CCDF often operates in conjunction with other programs including Head Start, Early Head Start, state pre-kindergarten, and before-and after-school programs. States and Territories have flexibility to use CCDF to provide children enrolled in these programs full-day, full-year care, which is essential to supporting low-income working parents. CCDF also funds quality improvements for settings beyond those that serve children receiving subsidies. CCDF has helped lay the groundwork for development of State early learning systems. Lead Agencies have used CCDF funds to make investments in professional development systems to ensure a well-qualified and effective early care and education workforce. Lead Agencies have provided scholarships for child care teachers and worked closely with higher education, especially community colleges, to increase the number of teachers with training or a degree in early childhood or youth development. Lead Agencies have used CCDF funds to build quality rating and improvement systems (QRIS) to provide consumer education information to parents, help providers raise quality, and create a more systemic approach to child care quality improvement efforts and accountability. These investments have likely also generated benefits for children enrolled in unsubsidized child care programs.

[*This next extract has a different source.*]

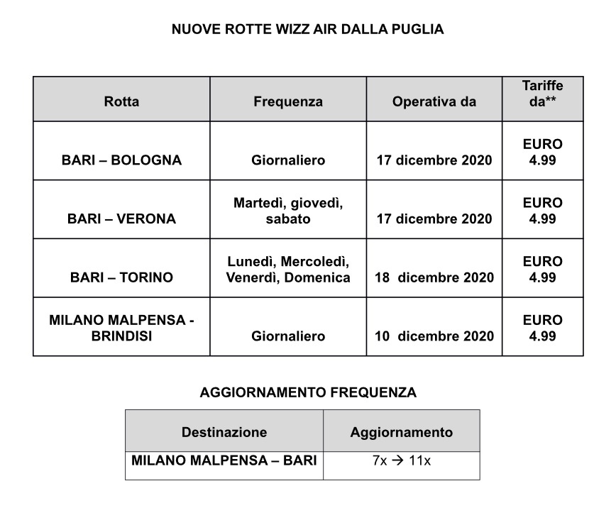 L'ulteriore sviluppo dell'offerta di Wizz Air da Bari, Milano Malpensa e Catania, così come l'istituzione della terza base italiana a Bari, sottolineano l'impegno a lungo termine della compagnia ad offrire più accessibili e green opportunità di viaggio ai suoi passeggeri italiani. Wizz Air ha iniziato a volare su Bari nel 2010, e da allora ha trasportato circa 1 milione di passeggeri da e per la città. L'istituzione della base creerà più di 40 nuovi posti di lavoro in modo diretto. Con questo investimento, Wizz Air contribuirà allo sviluppo economico e alla creazione di centinaia di nuovi posti di lavoro nel mercato locale****.

Child care is a core early learning and care program and plays an important role within a broad spectrum of early childhood programs supporting young children. The Administration has consistently sought to support State and Territory efforts to improve the coordination and alignment of early childhood programs through multiple efforts, including the Race to the Top-Early Learning Challenge and the Early Head Start-Child Care Partnerships. Most recently, ACF published Caring for our Children Basics, a set of recommendations intended to create a common framework to align basic health and safety efforts across all early childhood settings. This proposed rule builds on the alignment and coordination work that has been advanced by the Administration. For example, Lead Agencies would be required to collaborate with multiple entities, including State Advisory Councils on Early Childhood Education and Care, authorized by the Head Start Act, or similar coordinating bodies. In addition, minimum 12-month eligibility periods will make it easier to align child care assistance with eligibility periods for other programs, such as Early Head Start, Head Start, and state prekindergarten. Policies that stabilize access to child care assistance for families and bring financial stability to child care providers will play an important role in supporting the success of Early Head Start-Child Care Partnerships.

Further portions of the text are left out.